— Я к ним больше не вернусь, ты им меня не выдавай, — сказал Рябухин. — У меня уже зажило, они меня держат для наблюдений, как подопытного кролика. Профессорша эта, самая главная, полковник медицинской службы, сумасшедшая старуха, так она прямо сказала: «Я вас, говорит, выписать не могу, у вас замечательное созвездие осколков». Созвездие, слышишь? Астрономы.
(И болтает тоже для врачевания душевной раны.)
— Надо будет вернуть им эту робу, а от них получить мой костюм и шинель.
— Ты возьми пока у меня, что тебе надо, — сказал Листопад, — а халат отошли, а то еще, гляди, обвинят в краже казенного барахла. Ну, я тебе скажу, наскочил на меня Уздечкин на активе, — продолжал он. — Пух и перья!
— Слыхал, — ответил Рябухин.
— Ах, тебе уже доложили!
— Народ приходил проведать — рассказывал.
— Ты вот что! — сказал Листопад, вдруг почувствовав ревнивое раздражение. — Ты, если солидарен с Уздечкиным, дай ему добрый совет: не тем путем действует, этак у него ни черта не получится, хоть три года бейся. В ЦК надо писать!

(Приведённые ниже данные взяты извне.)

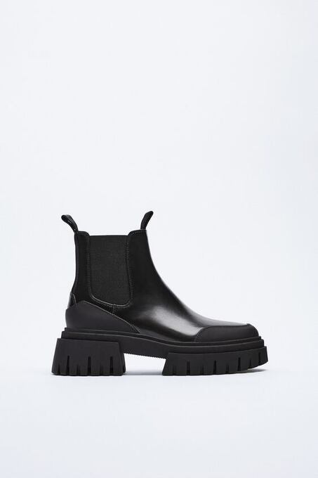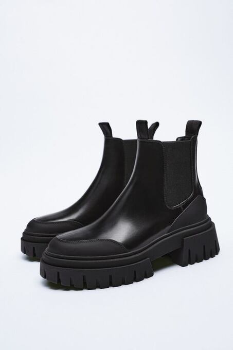 low heeled black lug sole ankle boots
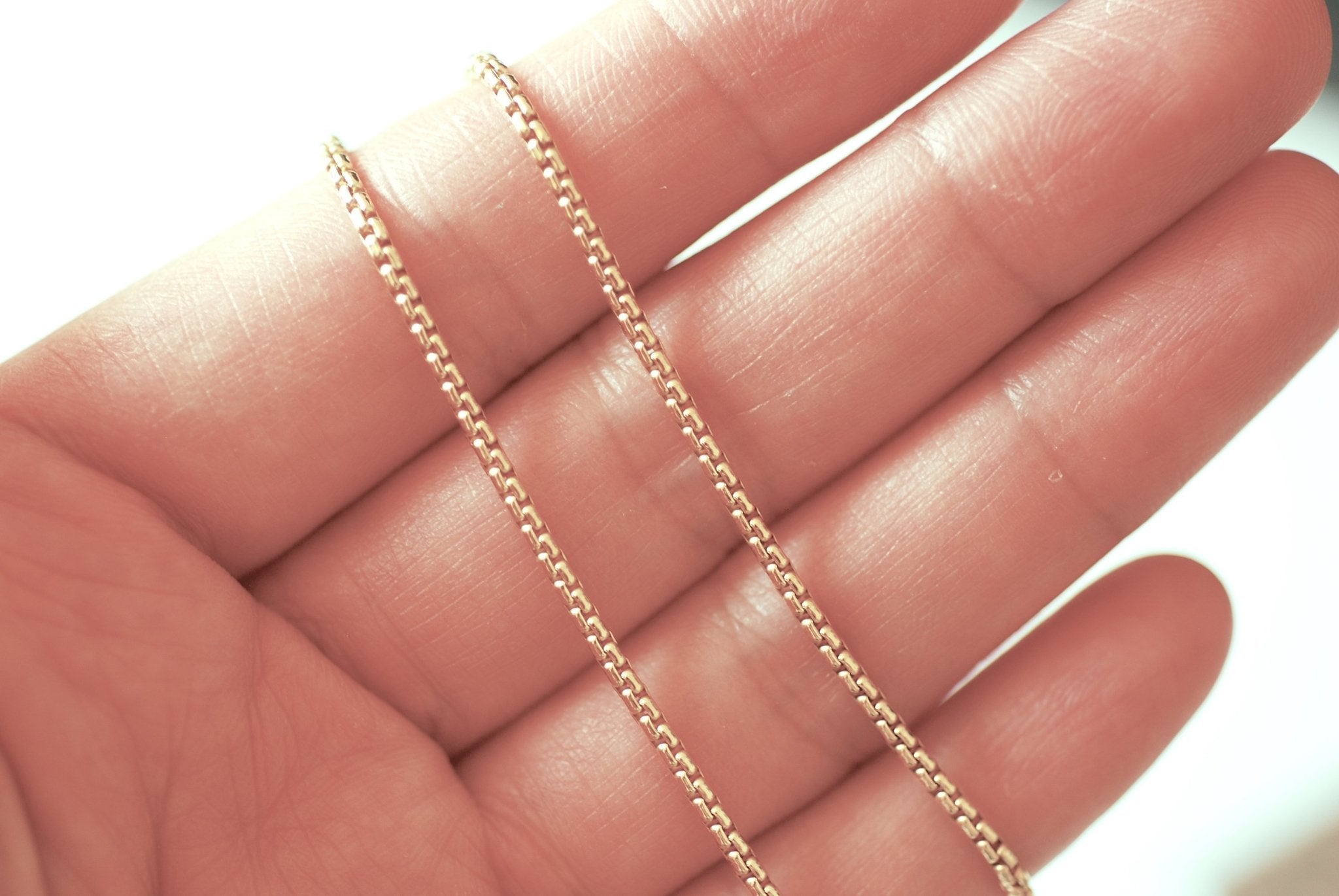 Available in materials such as gold-filled and 925 sterling silver, our Box Chains are perfect for crafting everything from elegant necklaces to charm bracelets. Their simplicity makes them ideal for pairing with pendants or wearing alone as a minimalist statement. Stock up on these high-quality Box Chains at wholesale prices and elevate your jewelry designs.
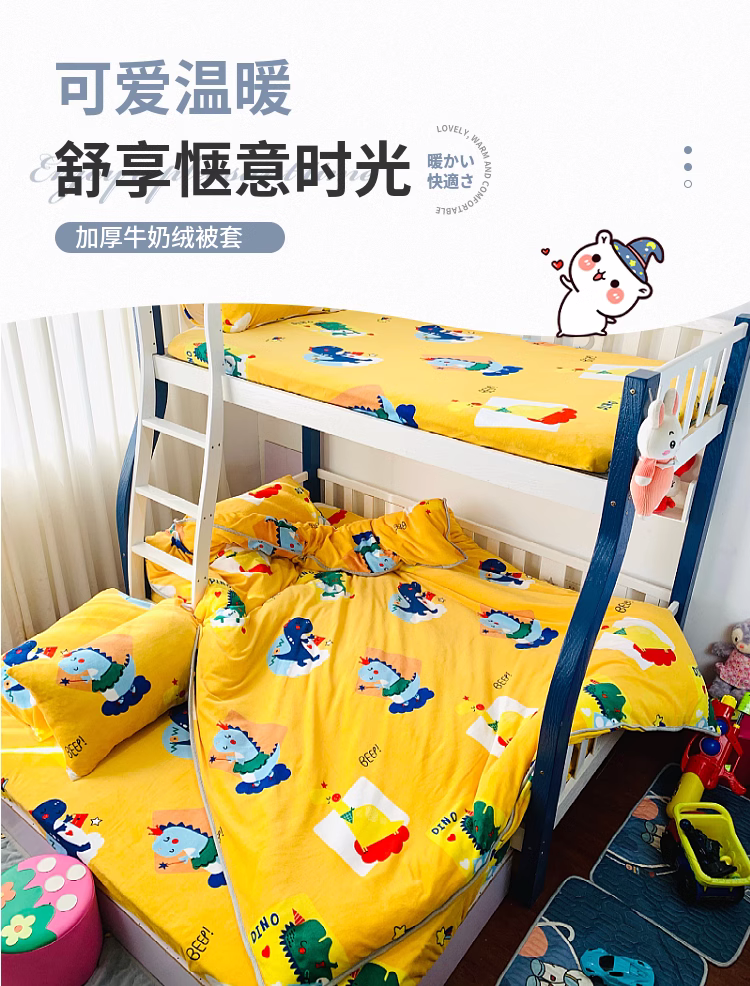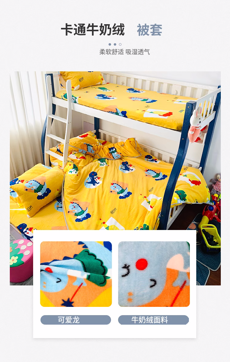 • 91家纺网 家纺一手货源 找家纺 小虾米 2023新款上下床加厚牛奶绒被套 可爱龙
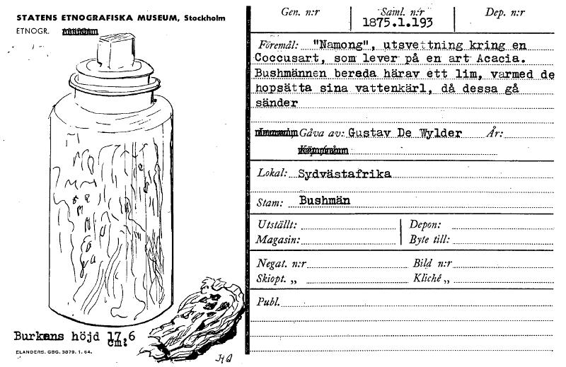 STATENS ETNOGRAFISKA MUSEUM, Stockholm ETNOGR. i 1.1f Burkens höjd U:6 ELANDERS. GBG. 3879. 1. 64. Gen. n:r I _.. I -Sand. n:r.. i 1875 .1.193 Dep. n:r Föremål: "Namone 2. utsvettning kring en Coccusart, som lever- på en art- Acacia. Bushmännen bereda- härav ett lim, varmed de hopsätta sina vattenkärl, då dessa gå sänder ~Gåva av: G.ustav De Te.lder År: ,,ett.V,t, ■41,90,,, Lokal: ....Sydvästafrika - Stans: Bushmän Utställt: Magasin: I Depon: Byte till: Negat. n:r Bild n:r Skiopt. „ Kliche. „ Publ. [ocr]
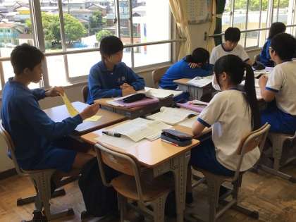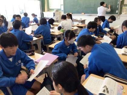 3年生の国語科です。教育実習生の研究授業として行いました。自分の心に響く論語についての考えをまとめたり、発表したりしました。
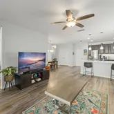 - Interior Features: Ceiling Fan(s), Eating Space In Kitchen, High Ceilings, Kitchen/Family Room Combo, Living Room/Dining Room Combo, Stone Counters, Thermostat, Walk-In Closet(s)
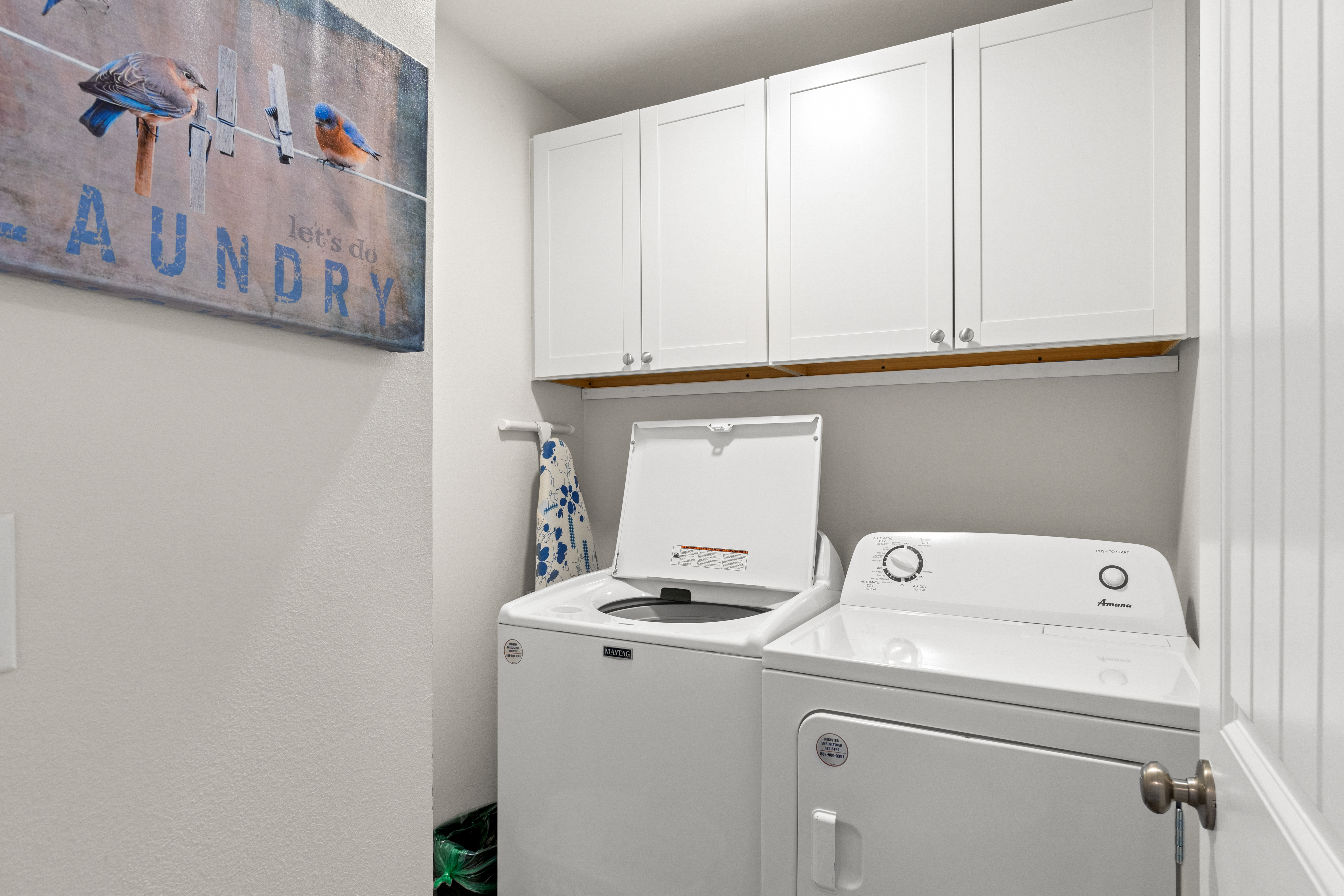 Essentials: Bath towel and wash cloth per guest are provided. Starter supply of soap, shampoo, conditioner, toilet paper, paper towels, trash bags, dish soap, laundry soap and dryer sheet.
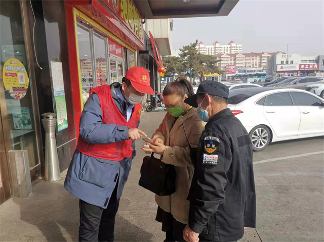 活动中,乳山市商务局志愿服务队在市区各商场超市守好入口关,为顾客测量体温、查验三码,检查口罩佩戴情况,并为未戴口罩的居民免费发放口罩,引导老人下载和使用健康码,指导帮助没有智能手机的群众完成信息登记。
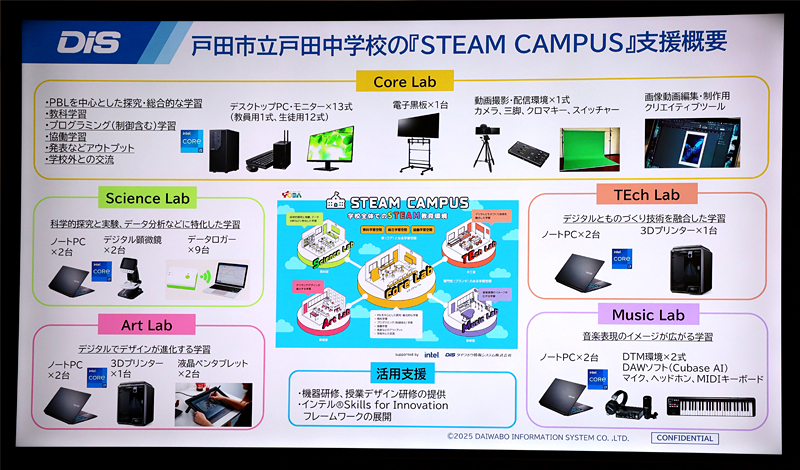 戸田市教育委員会は戸田市立戸田中学校において、複数の特別教室にICT機器を配置した「STEAM CAMPUS」を設置し、2025年11月11日に開設セレモニーを実施した。インテル、ダイワボウ情報システム(DIS)とともに取り組むSTEAM教育の在り方について見ていこう。

— Он напишет в ЦК, — сказал Рябухин, задумчиво разглядывая Листопада. — Он сказал, что дойдет до Сталина.
— Чего ж нейдет?
— Он, видишь ли, очень дисциплинированный и очень аккуратный в делах человек…
— Бездарность!
— …Как человек дисциплинированный, аккуратный и… скромный, он, естественно, обратился прежде всего в первичную партийную организацию.
— И пошел дальше по инстанциям.
— И пошел по инстанциям.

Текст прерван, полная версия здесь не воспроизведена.